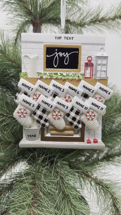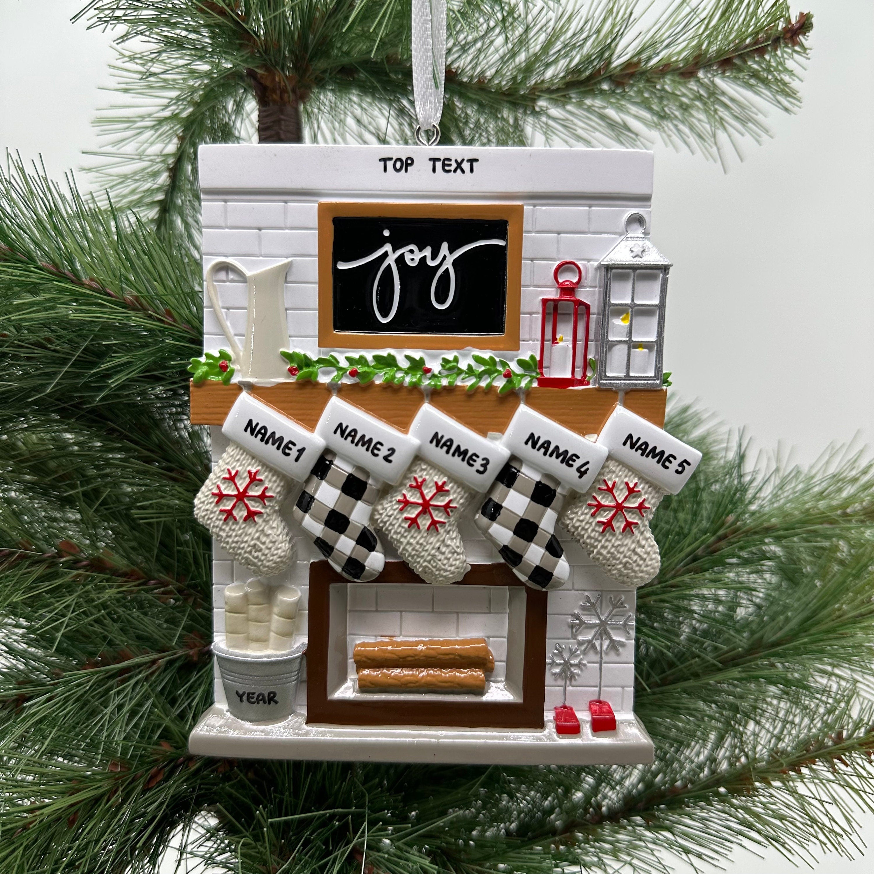 Fireplace Mantel Family Stocking Joy Ornament, Personalized Christmas Gift
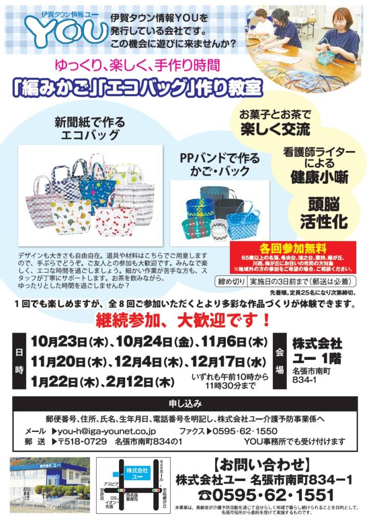 情報紙「伊賀タウン情報YOU」を発行する「ユー」(同市南町)が、市から一般介護予防事業の委託を受けて本社で実施。来年2月までに計8回の開催を予定しており、その初回と2回目だった。
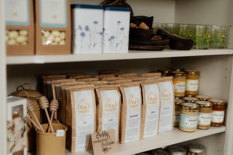 I vår Lilla lada finner du utöver massa blomster en del mathantverk i form av olika sylter, safter, marmelader, chokladtryfflar, lokalproducerad rapsolja.. Mycket spännande saker! Sortimentet byts ut efter säsong men vissa produkter finns på hyllorna året runt.
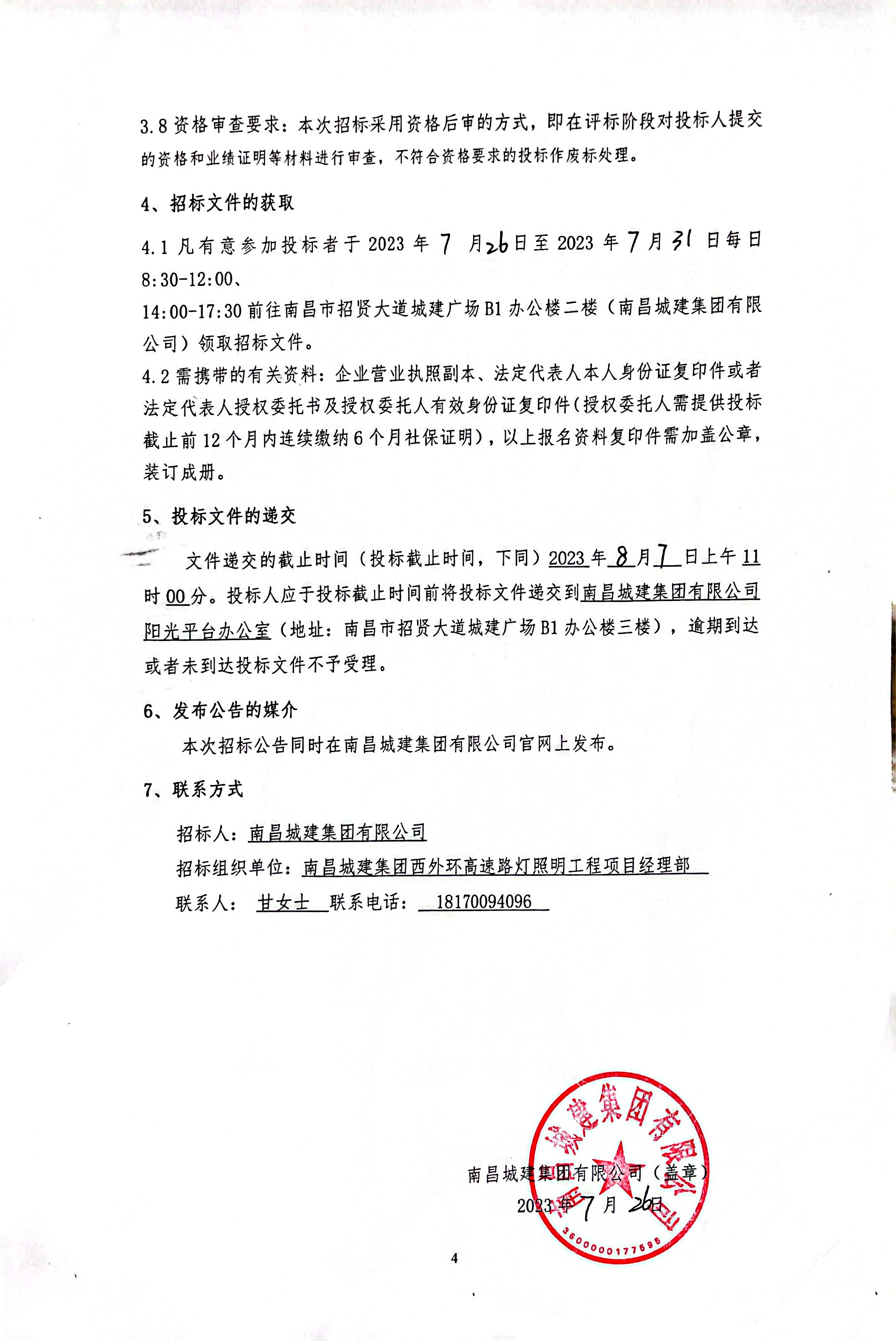 招标组织单位:永利yl23411集团西外环高速路灯照明工程项目经理部
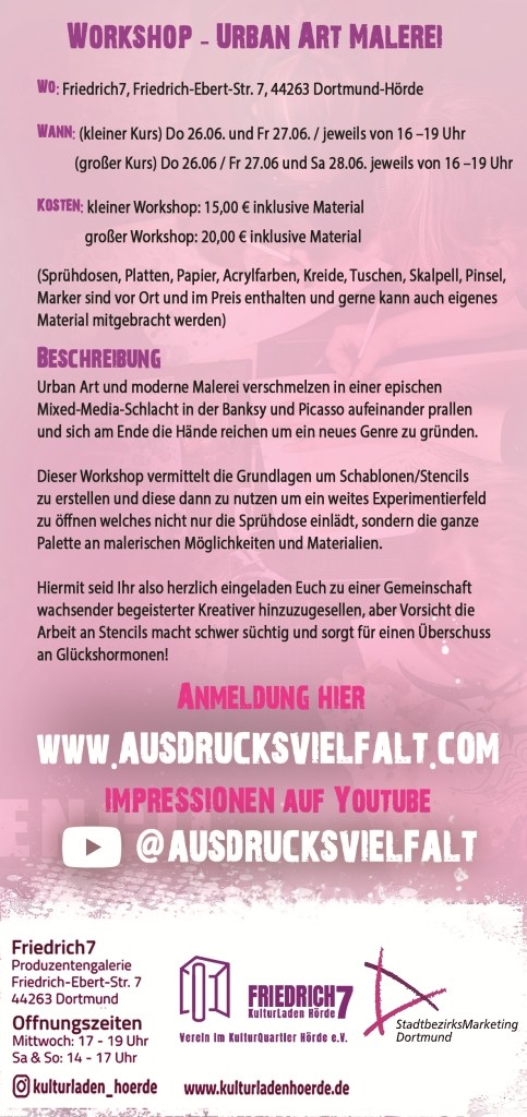 Beschreibung: Urban Art und moderne Malerei verschmelzen in einer epischen Mixed-Media- Schlacht, in der Banksy und Picasso aufeinanderprallen und sich am Ende die Hände reichen, um ein neues Genre zu gründen. Dieser Workshop vermittelt die Grundlagen, um Schablonen/Stencils zu erstellen und diese dann zu nutzen, um ein weites Experimentierfeld zu öffnen, das nicht nur die Sprühdose einlädt, sondern die ganze Palette an malerischen Möglichkeiten und Materialien. Hiermit seid ihr also herzlich eingeladen, euch zu einer Gemeinschaft wachsender begeisterter Kreativer hinzuzugesellen. Aber Vorsicht, die Arbeit an Stencils macht schwer süchtig und sorgt für einen Überschuss ein Glückshormonen

=====

Action item »
Would you please give the material above again, unchanged but without pictures?

Response area »
 Fireplace Mantel Family Stocking Joy Ornament, Personalized Christmas Gift
 情報紙「伊賀タウン情報YOU」を発行する「ユー」(同市南町)が、市から一般介護予防事業の委託を受けて本社で実施。来年2月までに計8回の開催を予定しており、その初回と2回目だった。
 I vår Lilla lada finner du utöver massa blomster en del mathantverk i form av olika sylter, safter, marmelader, chokladtryfflar, lokalproducerad rapsolja.. Mycket spännande saker! Sortimentet byts ut efter säsong men vissa produkter finns på hyllorna året runt.
 招标组织单位:永利yl23411集团西外环高速路灯照明工程项目经理部
 Beschreibung: Urban Art und moderne Malerei verschmelzen in einer epischen Mixed-Media- Schlacht, in der Banksy und Picasso aufeinanderprallen und sich am Ende die Hände reichen, um ein neues Genre zu gründen. Dieser Workshop vermittelt die Grundlagen, um Schablonen/Stencils zu erstellen und diese dann zu nutzen, um ein weites Experimentierfeld zu öffnen, das nicht nur die Sprühdose einlädt, sondern die ganze Palette an malerischen Möglichkeiten und Materialien. Hiermit seid ihr also herzlich eingeladen, euch zu einer Gemeinschaft wachsender begeisterter Kreativer hinzuzugesellen. Aber Vorsicht, die Arbeit an Stencils macht schwer süchtig und sorgt für einen Überschuss ein Glückshormonen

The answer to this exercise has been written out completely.